В самом деле, одет был Юда в бабью поневку, еще не старую, туго перепоясанную кавказским, с серебряными подвесками, пояском. На ногах он имел ту самую пару женских полусапожек, которую оставил Лызлов в запас из присланного на раздачу по волости. Высокие каблуки были еще не сбиты, и ноги Юды неожиданно походили на копыта.
– У меня нога маленькая. Мне лапти все ноги стерли... – недовольно сказал Юда, надгрызая яблоко, вдруг появившееся у него в руках.
– Яблочко-те откуду достал? – покосился Васька Рублев.
– А вон, мамаша дала! – воровато подернулся Юда и кивнул на Анисью Рахлееву. – На, говорит, сынок, яблочко тебе, похрупай!..
– Брешешь, не давала! Сам стащил... – сердито и сдержанно отозвалась Анисья.

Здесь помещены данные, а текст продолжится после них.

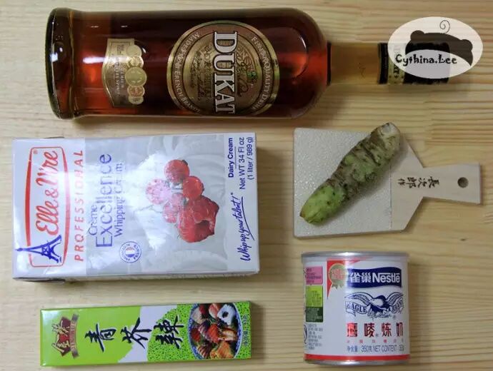 材料超级简单,淡奶、炼乳、白兰地或者其他高度酒,然后就是决定风味的wasabi了,当然也可以换成自己喜欢的任意口味~
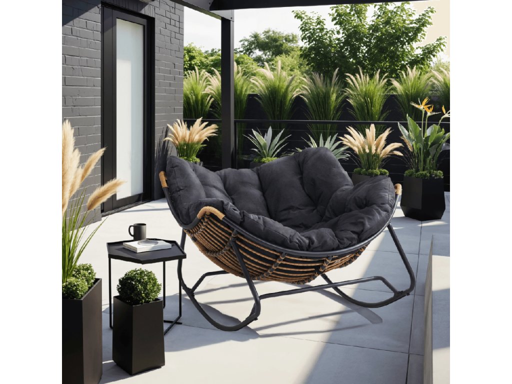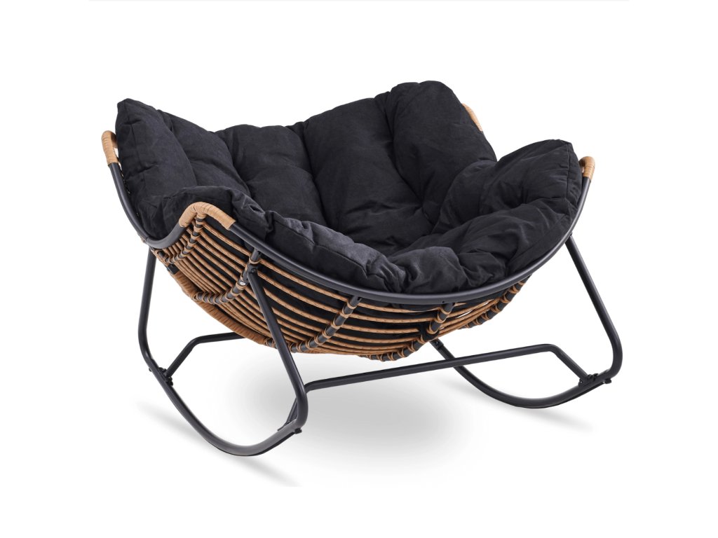 Osnova je trdna kovinska konstrukcija, ki zagotavlja stabilnost tudi pri dolgotrajni uporabi. Gugalne sani omogočajo tekoče gibanje brez škripanja, črni okvir s prašnim premazom pa stol naredi primeren tudi za zunanje pogoje.
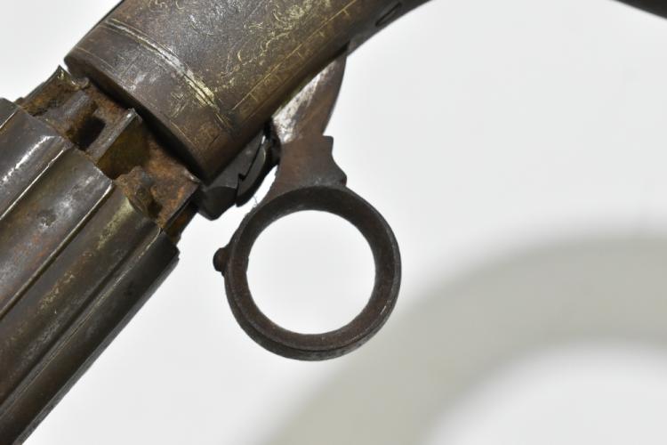 Lot 1445 of 2131: A late 18th/early 19th century six shot pepper box revolver with sliding thumb catch safety and engraved metalware inscribed J.R.Cooper patent and with walnut stock, length 20cm.
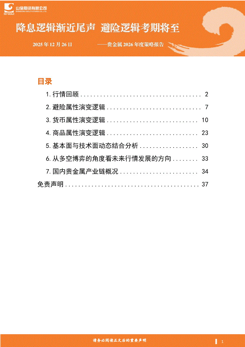 山金期货-贵金属2026年度策略报告:降息逻辑渐近尾声,避险逻辑考期将至-251226
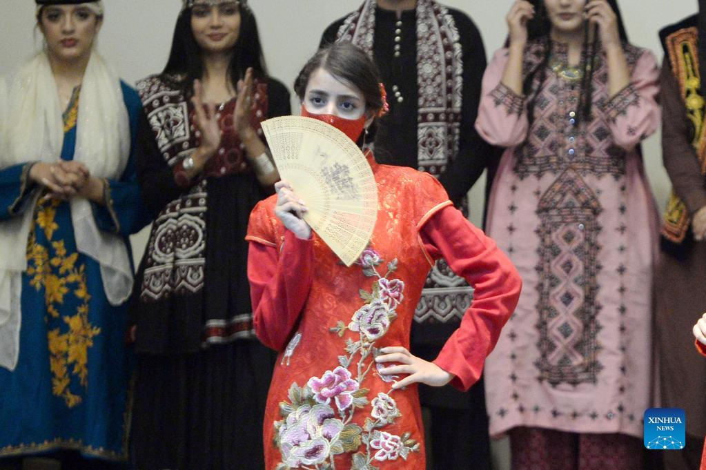 A Pakistani student presents cheongsam, a traditional Chinese women's dress also known as Qipao, during an international cultural festival at the National University of Modern Languages (NUML) in Islamabad, capital of Pakistan on March 14, 2022. (Xinhua/Ahmad Kamal)

– Не давала-а?.. – состроил замысловатую рожу Юда. – А я его уж и съел! Что ж мне теперь делать-то, бежать или спасаться?.. – и он окинул коротким взглядом товарищей, громким хохотом выражавших свой восторг перед словесным удальством Юды.
Больше всех хохотал, конечно, Тешка.
– Ну, спать! – поднялся Семен, неуловимым движением бровей останавливая мать, готовую напасть на Юду по всем бабьим правилам.
– Спать, это правильно... – сказал Гарасим черный и размашисто зевнул.
– Рот-то покрести! Анчук влезет! – окрикнул его кто-то из летучих.
Но смеху некогда было подняться. Блестя глазами, выпученными немалым внутренним подъемом, вбежал Егорка в избу. Сзади его затеснились другие.
– Робятки... попка поймали! – возбужденно сообщил он.
– Где?.. На ком?.. – загудела летучая.